The plain-English version
A share price alone tells you almost nothing, because companies slice themselves into wildly different numbers of shares.
Company A: $900 per share, 1 million shares → the whole company is priced at $900 million. Company B: $50 per share, 1 billion shares → the whole company is priced at $50 billion.
Company B's stock looks "cheaper" but the business is priced at more than 50 times Company A. That total — share price × share count — is the market capitalization.
The size classes
Investors sort companies into weight divisions:
- Mega cap — hundreds of billions to trillions. The giants everyone can name.
- Large cap — roughly $10B and up. Established, widely covered.
- Mid cap — around $2B–$10B. Grown up, still growing.
- Small cap — around $250M–$2B. More room to run, more ways to die.

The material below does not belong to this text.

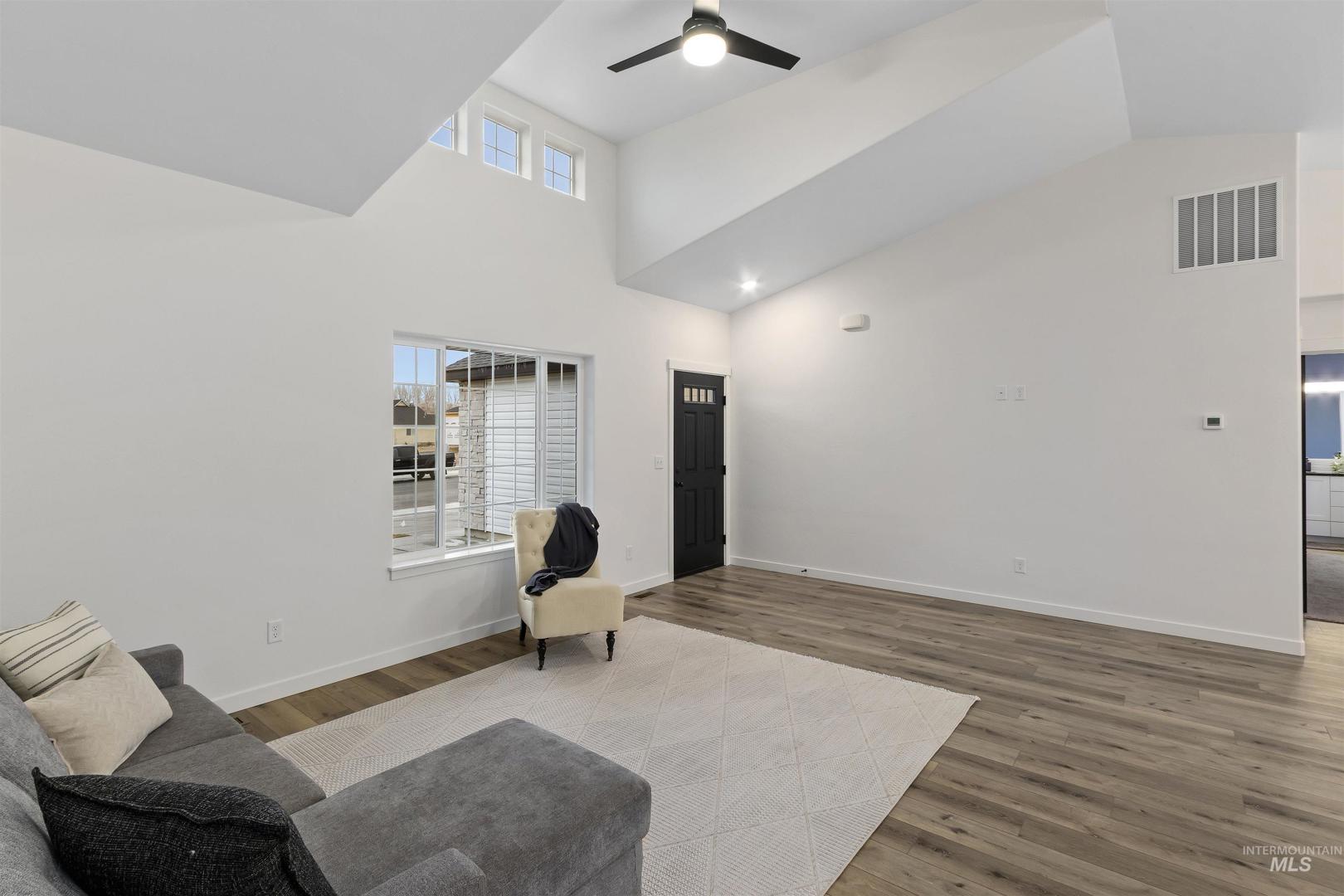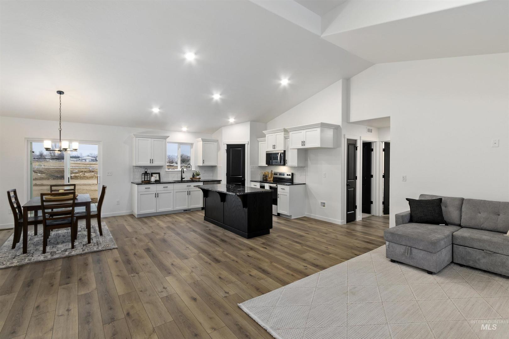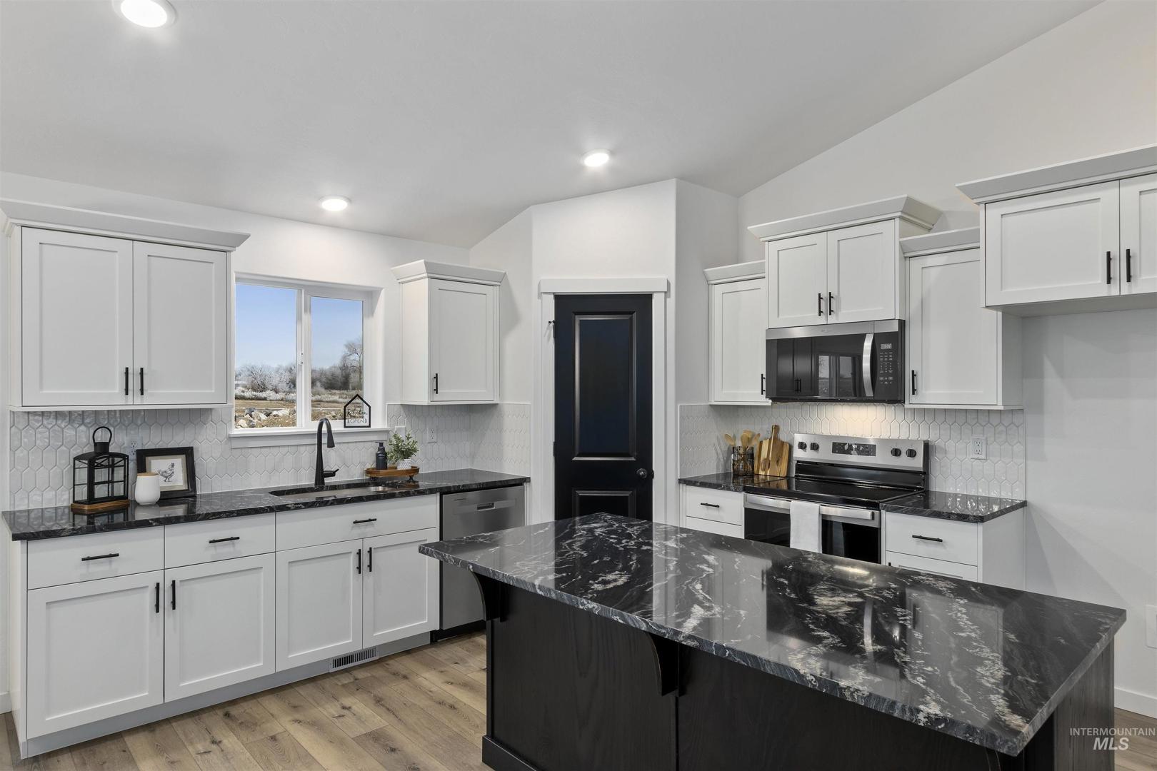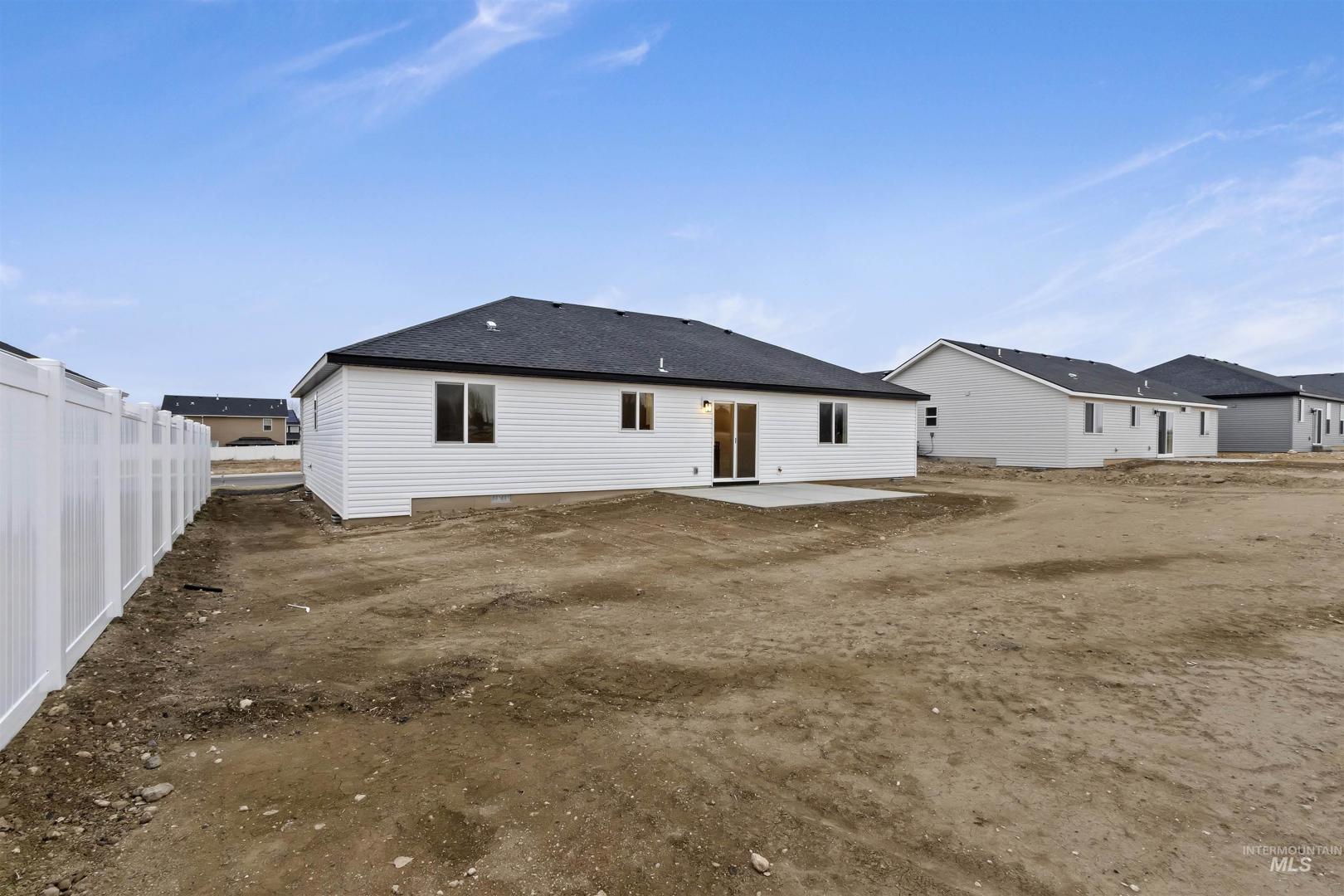 Brand New & Ready for you! Welcome to this stunning 3-bed, 2-bath home located in a desirable neighborhood. This single-level home offers a bright, modern open-concept living space with high vaulted ceilings and multiple recessed lights, that combines the kitchen, dining, and living area. The kitchen features crisp white shaker-style cabinetry accented with dark hardware, a light tile backsplash, and stainless-steel appliances. A spacious black center island with a dark countertop anchors the space, and a dedicated pantry provides extra storage and convenience. The primary suite impresses with a tray ceiling, & large walk-in closet while the primary bath features a generous walk-in shower. Enjoy the attached 2-car garage and a low-maintenance exterior finished with siding, stucco, and rock accents. Newly built & thoughtfully finished, this home is moving in ready. Call to schedule your private showing today!

- Micro/nano cap — below that. The wild west; where most scams live.
The common mistake
Thinking a low share price means room to grow. "It's only $2, if it just goes to $10 that's 5x!" — but if that company has two billion shares, it's already priced at $4 billion, and going to $10 means the market valuing it at $20 billion. Ask whether the company can plausibly be worth the new market cap, not whether the number looks small.
This is also why penny stocks aren't lottery tickets with better odds. The price per share is low because of the share count, not because the company is undiscovered.
Why you care
Market cap tells you what the market believes an entire business is worth, what index funds will include it, how volatile it's likely to be, and whether a headline number is impressive or laughable. It's the first number to check after the ticker.
Educational only — not investment advice. Big isn't safe and small isn't destiny; market cap is context, not a verdict.